The cheapest of safari accommodations are actually the most ‘critter proof.’ Didn’t expect that, did you? But think about it. What is a tent, if not a tiny glorified mosquito net? You can be completely sheltered if you want to be. Whatever gets in a tent is usually due to user error. You just have to forget about the things that are underneath you. I’ve packed up my tent to find that massive colonies of termites and ants have taken up residence under my ground sheet. As have centipedes and scorpions on occasion. I was once woken up in the night by a squirmy movement by my pillow to find that a dozen giant millipedes had used my tent as shelter from a light rain. It’s yet to happen to me, but snakes also love to snuggle up to the warmth created by a body in a tent. I once had to remove a puff adder from under the tent of some fellow campers. It happens. But whatever occurs outside your tent, occurs outside your tent. Inside, you are cocooned from all that. If you’re squeamish, camp in a tent. The smaller the better.
But what about the bigger animals? Surely lying on the ground under two bamboo sticks and a thin strip of polyester doesn’t provide much protection from things like hippos and elephants.

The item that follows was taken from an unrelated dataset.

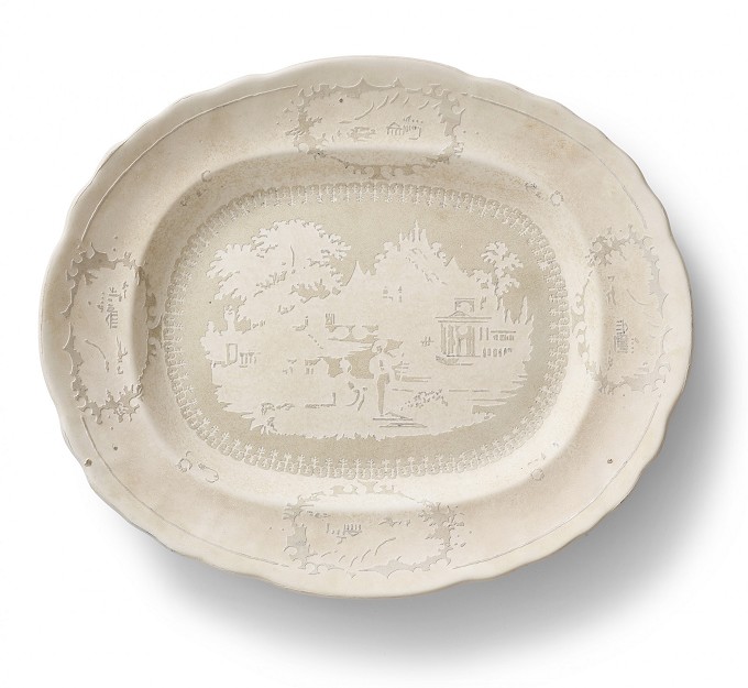 这件已经泛黄的陶瓷并没有影响浮雕的表现力,深色部分的痕迹反而凸显了树木的枝干、建筑的结构、拱桥的流线,让这座中式园林更具有年代感。

Yet strangely it seems to. Over the years, I’ve slept in my flimsiest of tents while elephants and hippos have tiptoed quietly past. White rhinos have grazed inches from my face while I lay safely in my tent savouring the moment. I’m sure that there have been less peaceful instances involving small tents and large mammals, but for the most part, tiny tents work. Or at least they work until you fall asleep with your tent flaps opens. Hyenas are famous for dragging people from open tents. Keep the tent closed and all is well.
Most of the time.
When I was still working in the kalahari, our local ground squirrels had figured out that in order to access the food that silly people left in their tents, they simply had to eat their way through a little bit of unpalatable fabric. Jackals soon learned the same thing. And elsewhere, baboons and monkeys don’t need to chew their way into your tent. They simply have to unzip the zippers. Unless you’re cunning and put locks or cable ties on your zippers. Then the baboons and monkeys will chew their way through your tent. Nothing is safe. Not even cars. We definitely aren’t the only primates who know how door handles work. Which brings me neatly to the next grade of safari accommodation.

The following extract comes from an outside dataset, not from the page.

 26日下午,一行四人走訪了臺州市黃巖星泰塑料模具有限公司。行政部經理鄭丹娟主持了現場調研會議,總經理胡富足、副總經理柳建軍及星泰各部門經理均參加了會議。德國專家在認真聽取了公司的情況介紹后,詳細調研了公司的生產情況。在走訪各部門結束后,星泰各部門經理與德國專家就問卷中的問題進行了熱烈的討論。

The safari tent. If I wasn’t so poor, I’d opt to spend most of my safaris in structured safari tents. These are robust, permanent tents usually erected on small platforms. They range in luxury from completely basic to extreme ‘Out of Africa style’ opulence. In my opinion, a safari experience doesn’t get much more authentic. These tents are usually open to the elements in some place, whether it be a bathroom under the stars or a front door with a big gap underneath it. You can forget about keeping bugs and snakes and things out of your safari tent, but it shouldn’t matter. If you chose to stay in a safari tent, you’ve chosen to stay in the wild and intertwine yourself with it. If you wake up with a genet on your pillow, it’s a bonus. Whatever wanders or slithers into your room, is just as likely to wander or slither out before you even notice it.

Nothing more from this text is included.